Pose estimation software, such as OpenPose [49] and DeepLabCut [50], help to overcome the limitations associated with human manual assessment. The software can identify specific points on the body in each frame of a video, generating time-series data that follows patient movement during the completion of a task. With consideration given to standardization of capture, this data can be analysed to look at features of interest for each study, such as the pattern of trajectory, or smoothness, of a limb; the range of movement, either desired or involuntary (e.g., compensatory or supportive); and symmetry of movement or ability.

In addition to the raw, positional data, this computer vision approach allows the extraction of objective, numerical measures from videos, beyond what is possible by visual assessment alone.

Machine learning (ML) techniques can further enhance the level of information that may be extracted from videos and provides an assessment that is stable over time and not prone to the issues of inter-rater reliability [51].

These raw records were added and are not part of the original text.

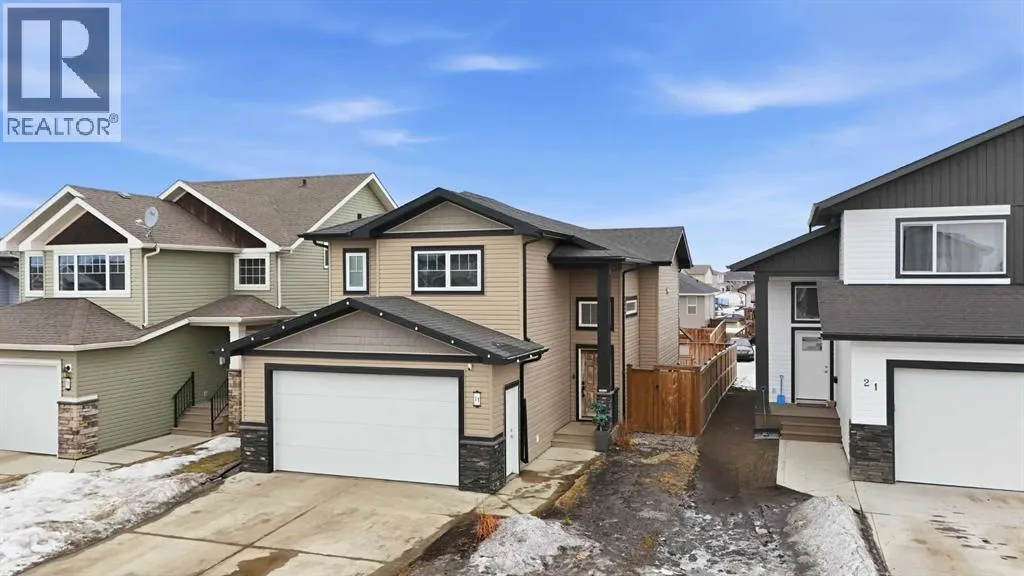 Welcome to 17 Vermont Close in Blackfalds â a fully developed modified bi-level offering 5 bedrooms and 3 bathrooms in a quiet close with excellent access to Highway 2. Built in 2014, this home features a bright open-concept main floor with vaulted ceilings, quartz countertops, and a functional layout ideal for families and entertaining. Three bedrooms are located on the upper levels, including the private primary suite with ensuite, while the fully finished basement offers two additional bedrooms, a full bathroom, and a well-designed living space. Enjoy the convenience of central air conditioning, a double attached HEATED garage, fenced backyard, and rear alley access. Located in a family-friendly neighborhood close to schools, parks, and amenities, this move-in-ready home checks all the boxes. (id:27476)
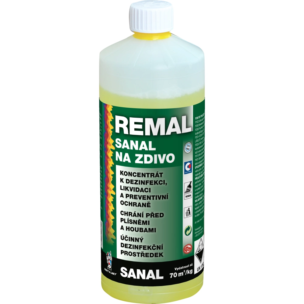 REMAL SANAL NA MURIVO sa používa na sanáciu, aj preventívnu ochranu muriva, omietok, kameňa, betónu a iných stavebných materiálov pri napadnutí plesňami, hubami, lišajníkmi, riasami a baktériami. Prípravok používajte bezpečne! Pred použitím si vždy prečítajte údaje na obale a pripojené informácie o prípravku.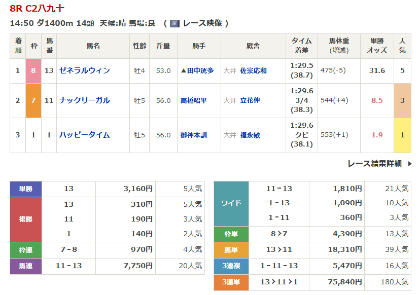 ◎ゼネラルウィン(5人気)1着 単勝3,160円、複勝310円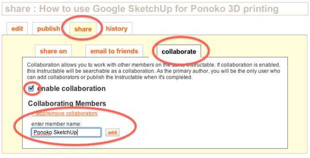 1) haga clic en la pestaña "compartir" y la pestaña de "colaborar" mientras estás en la sección "Editar" de tu Instructable.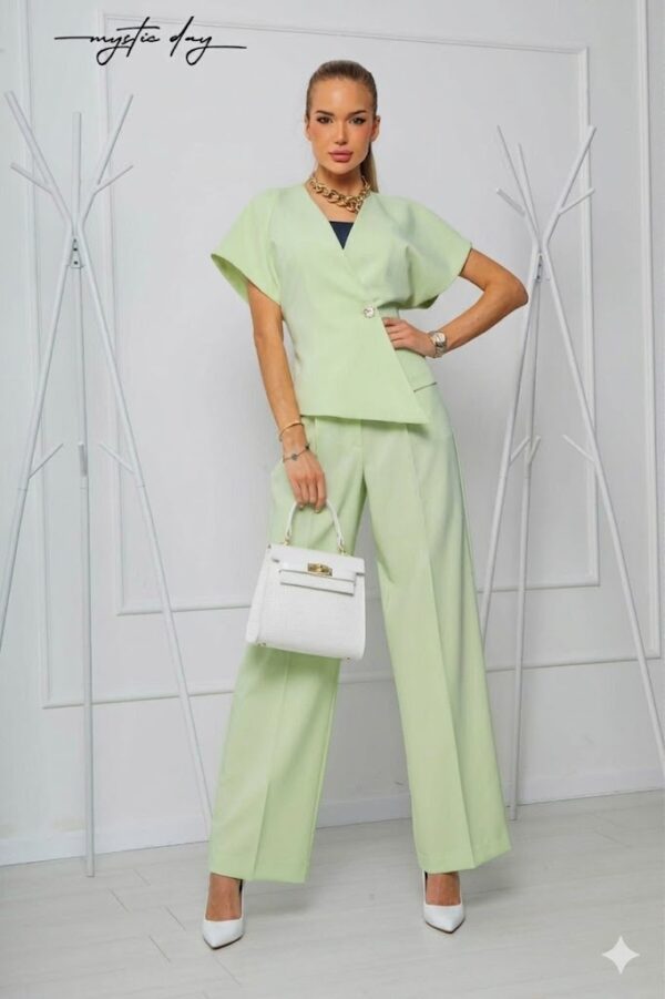 Ha olyan ruhát keresel, ami egyszerre kényelmes és kifinomult, ez a bő fazonú, élére vasalt hatású darab biztosan a kedvenced lesz. Könnyed eleganciája miatt remek választás irodába, hétköznapokra, városi sétákhoz, de egy csinos cipővel és kiegészítőkkel akár randira vagy alkalmi eseményre is gond nélkül felöltöztethető.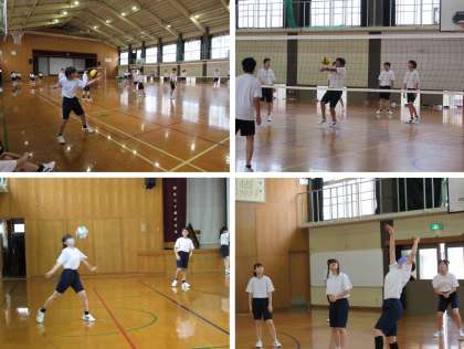 2年3組の体育の授業では、バレーボールの基本練習の後,ゲームをしました。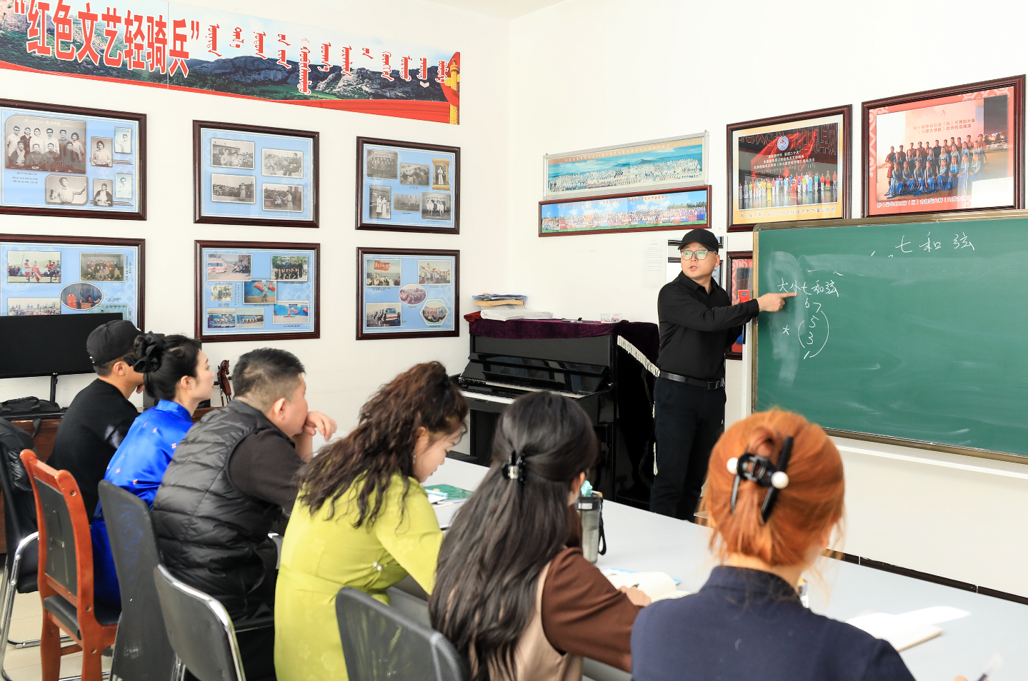 作為草原上的“紅色文藝輕騎兵”,何買拉蘇和隊員們年均開展惠民演出百余場,將新民樂《風馳草原》、好來寶《民族團結一家親》等原創(chuàng)作品化作“聽得懂、傳得開”的藝術語言。2023年寒冬,他們頂風冒雪為臥床老人演繹的“炕頭專場”,至今讓何買拉蘇難忘:“當老人含淚鼓掌時,我更深知烏蘭牧騎的根必須扎在農牧民心坎上?!薄 ?/p>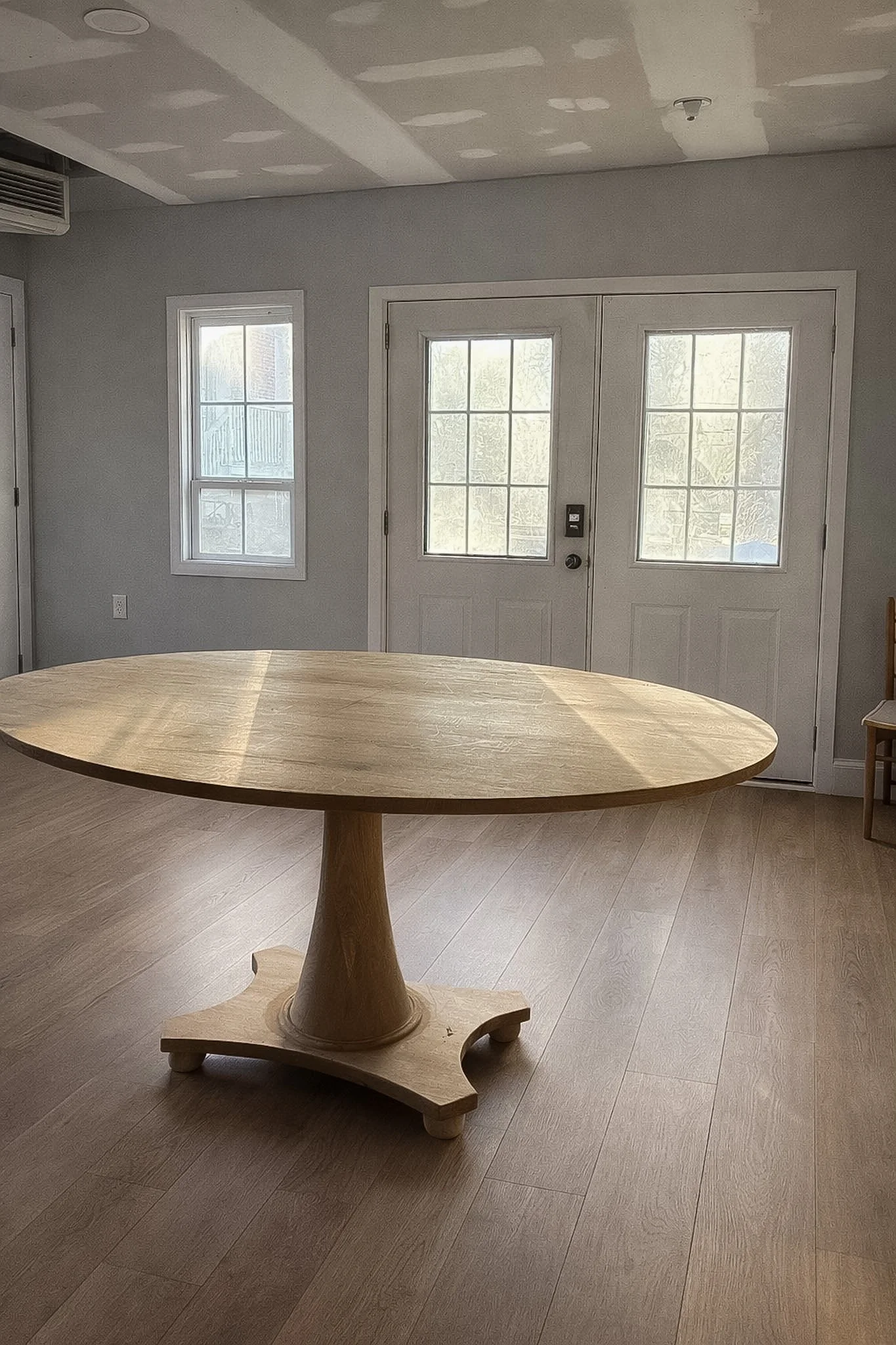This darling table is a classic pedestal dining piece designed for smaller gathering spaces and everyday meals. Its round top rests on a turned pedestal base, creating a balanced and timeless silhouette that fits naturally into breakfast nooks, kitchens, and cozy dining rooms.

Conclusion: Lessons Learnt and the Role of Technology in Rare Disease Drug Development

Examples to date illustrate the potential of widely available technologies such as video recordings in rare disease drug development. Assessment tools using videos have been considered as valuable by the authorities to illustrate the importance of how the patients function as clinically significant endpoints that supported various drug approvals.

Moreover, the evolution of digital tools, connected devices, and other capabilities will allow exploration of new ways of measuring patients’ functioning and feelings more accurately in their daily lives beyond the traditional video assessment tools. New endpoints that capitalize on digital tools, and software and hardware that can more precisely measure function, among others, can not only support modern solutions to existing rare diseases but might also be essential to design and develop new scales that are tailored to rare diseases that are multi-symptomatic and have different expressions, from physical aspects (e.g., gait, as outlined above) to other patient-reported symptoms (e.g., that might impact quality of life).

Early planning of these endpoints with video recordings in the clinical development plan should also be considered. This will facilitate the finalization of the protocol design, ensure a strong analysis plan, and allow certain limitations to be taken into account. In particular, both the video recordings and the analysis should occur in a standardized manner where possible. Training as well as remote support will be essential in this regard to support home assessments in decentralized clinical trials. Overall, this will allow for more patient-centric clinical trials, which will be a major drive to support recruitment and retention, especially in rare and neurodegenerative diseases.

Novel assessment tools such as video technology can capture how a patient functions and also provide meaningful endpoints in rare disease development.

Video technology allows for clinical outcome assessments to be captured at home as well as in hospitals, reducing the burden of travel to sites.

Early planning to validate the approach with regulators is essential to allow for standardized data collection and alignment with real-world evidence.